AI Safety¶
The MESA prototype is — by design — an agentic system that acts on research data on behalf of users. This policy summarizes the safety commitments the project makes and the controls in place during the prototype phase.
Principles¶
- No autonomous destructive actions. Any tool call that writes, moves, shares, or deletes data requires either an iRODS ACL the user personally holds, or an explicit user confirmation if the agent client surfaces one.
- Human-in-the-loop for paid compute. Launching a Discovery
Environment analysis (via
formation-mcporterrain-mcp) requires user confirmation when the analysis would draw on a paid allocation. - Sandbox isolation. Tool execution runs in per-request container sandboxes so a malformed or adversarial prompt cannot affect sibling sessions or escape to the host.

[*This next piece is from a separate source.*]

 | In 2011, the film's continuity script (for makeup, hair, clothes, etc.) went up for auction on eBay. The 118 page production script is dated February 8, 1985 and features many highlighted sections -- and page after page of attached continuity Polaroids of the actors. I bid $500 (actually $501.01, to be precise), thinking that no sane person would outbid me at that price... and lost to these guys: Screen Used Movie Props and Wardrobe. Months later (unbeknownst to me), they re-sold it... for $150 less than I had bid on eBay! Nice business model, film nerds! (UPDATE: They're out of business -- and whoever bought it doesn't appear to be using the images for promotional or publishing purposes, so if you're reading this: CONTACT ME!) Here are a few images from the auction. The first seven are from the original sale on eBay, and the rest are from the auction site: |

- Audit everything. Every tool call is logged with actor, timestamp, and arguments hash, and is available to project administrators for review.
Model selection¶
The MESA prototype prefers self-hosted, open-weight models running on Jetstream-2 GPUs (vLLM serving). Commercial-API egress (LiteLLM router) is used as a buffer for benchmarking and when a specific model materially outperforms the self-hosted options.
| Use | Model class |
|---|---|
| Hypothesis generation, summarization | Self-hosted open-weight 70B-class |
| Tool planning, multi-step orchestration | Self-hosted open-weight 70B-class or commercial frontier with user opt-in |
| Embeddings for RAG | Self-hosted sentence-transformers |
Prompt-injection resistance¶
The MCP servers MESA ships are designed assuming prompts may be adversarial:
- iRODS access is gated by the user's own bearer token, not by free-text parameters in the prompt.
- Tool calls validate arguments against typed schemas before execution.

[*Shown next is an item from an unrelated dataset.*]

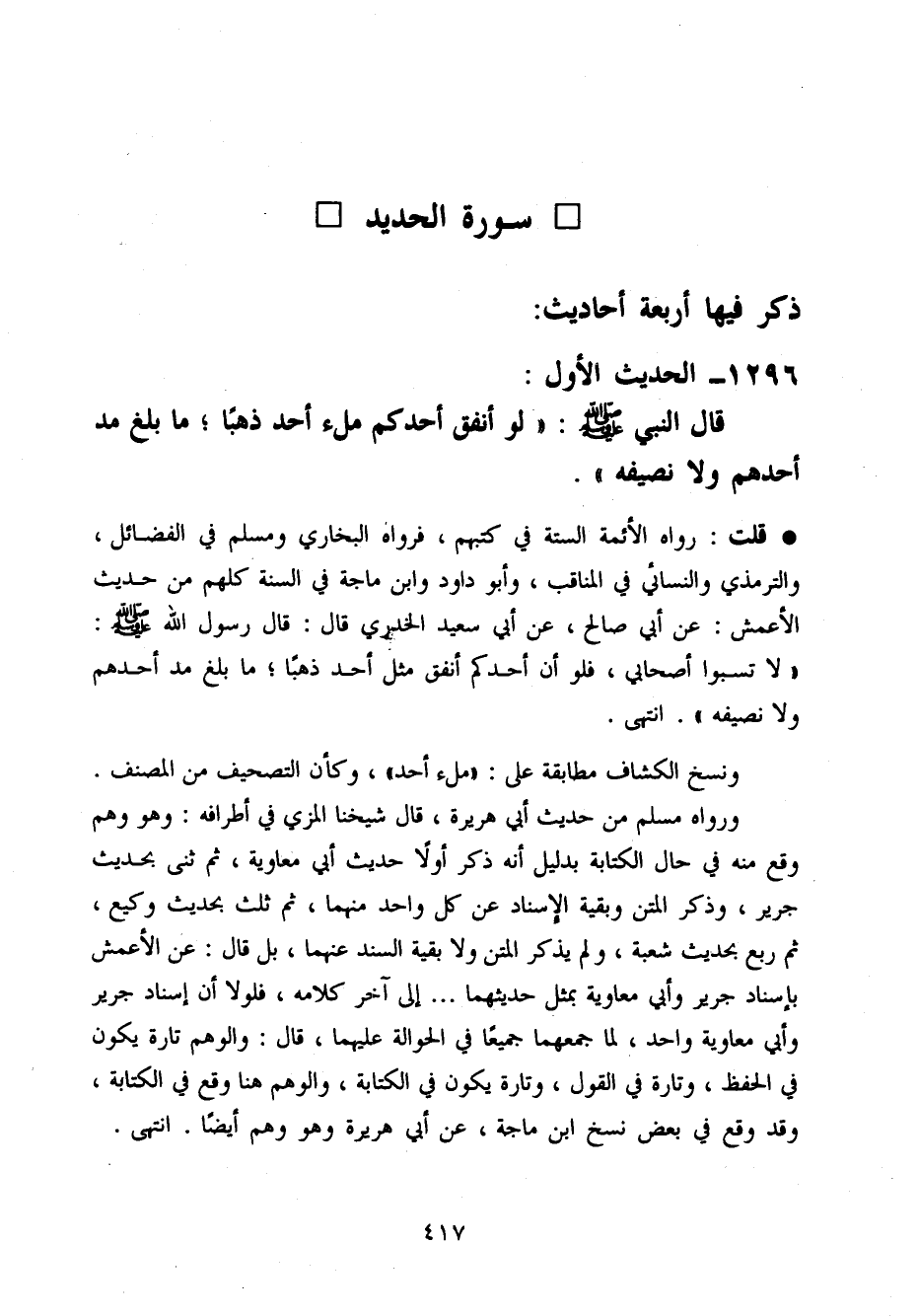 1296 - الحَدِيث الأول قَالَ النَّبِي صَلَّى اللَّهُ عَلَيْهِ وَسَلَّم َ (لَو أنْفق أحدكُم ملْء أحد ذَهَبا مَا بلغ مد أحدهم وَلَا نصيفه)

- File contents read from iRODS are not re-interpreted as prompt instructions by the MESA servers themselves (the agent layer is where prompt-injection defenses also belong).
Disclosure of automation¶
Any artifact produced by a MESA-mediated workflow (a tagged dataset, a published analysis) carries a provenance record indicating that an AI agent was involved. This is recorded in the AVU history and surfaced in the Discovery Environment's analysis metadata.
What MESA does not do¶
- The MESA prototype does not train models on user data.
- The MESA prototype does not transmit user data to commercial APIs unless the user explicitly enables the commercial-API path for their session.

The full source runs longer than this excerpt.